TASK DIRECTIONS ▸ The expected result is an exact restatement of the data, free of pictures.

MATERIAL PROVIDED ▸
+===+

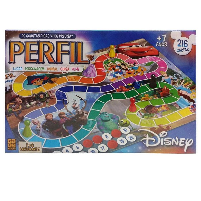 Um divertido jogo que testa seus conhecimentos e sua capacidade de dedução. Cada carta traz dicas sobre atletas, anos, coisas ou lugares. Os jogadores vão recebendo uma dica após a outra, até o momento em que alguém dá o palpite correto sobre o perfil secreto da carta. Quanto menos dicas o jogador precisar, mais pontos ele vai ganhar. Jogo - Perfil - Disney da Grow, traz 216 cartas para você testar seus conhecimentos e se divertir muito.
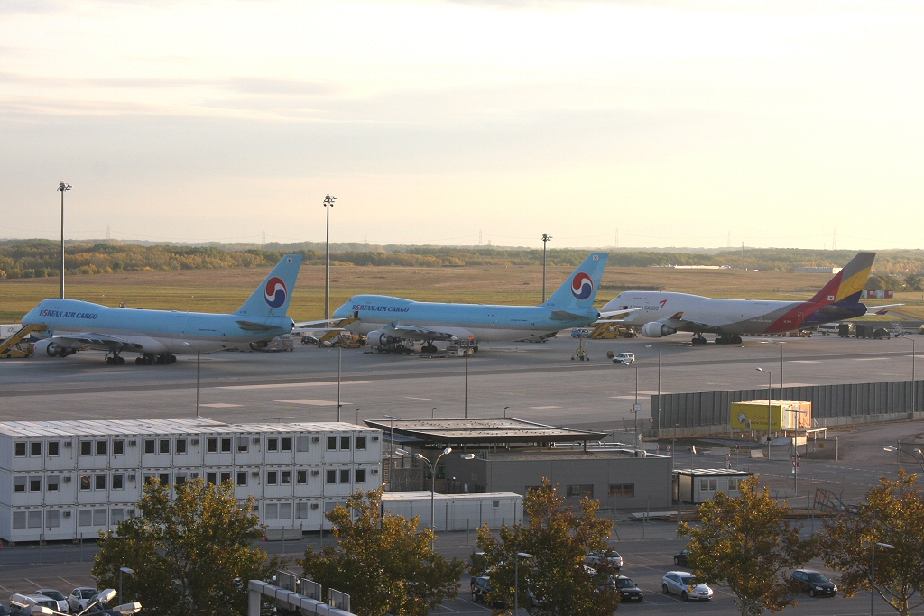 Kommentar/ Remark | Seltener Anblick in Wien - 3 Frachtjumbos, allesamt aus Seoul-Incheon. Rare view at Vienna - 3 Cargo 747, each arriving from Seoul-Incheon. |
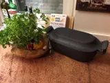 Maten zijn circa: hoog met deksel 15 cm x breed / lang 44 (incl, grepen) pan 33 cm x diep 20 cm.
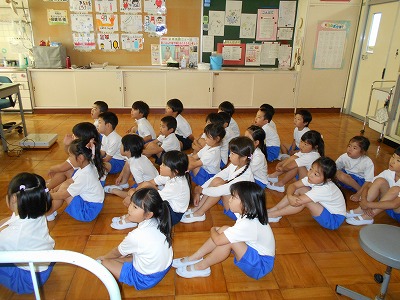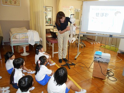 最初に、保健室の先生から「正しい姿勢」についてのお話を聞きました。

+===+

RESULT OF THE EXERCISE ▸
 Um divertido jogo que testa seus conhecimentos e sua capacidade de dedução. Cada carta traz dicas sobre atletas, anos, coisas ou lugares. Os jogadores vão recebendo uma dica após a outra, até o momento em que alguém dá o palpite correto sobre o perfil secreto da carta. Quanto menos dicas o jogador precisar, mais pontos ele vai ganhar. Jogo - Perfil - Disney da Grow, traz 216 cartas para você testar seus conhecimentos e se divertir muito.
 Kommentar/ Remark | Seltener Anblick in Wien - 3 Frachtjumbos, allesamt aus Seoul-Incheon. Rare view at Vienna - 3 Cargo 747, each arriving from Seoul-Incheon. |
 Maten zijn circa: hoog met deksel 15 cm x breed / lang 44 (incl, grepen) pan 33 cm x diep 20 cm.
 最初に、保健室の先生から「正しい姿勢」についてのお話を聞きました。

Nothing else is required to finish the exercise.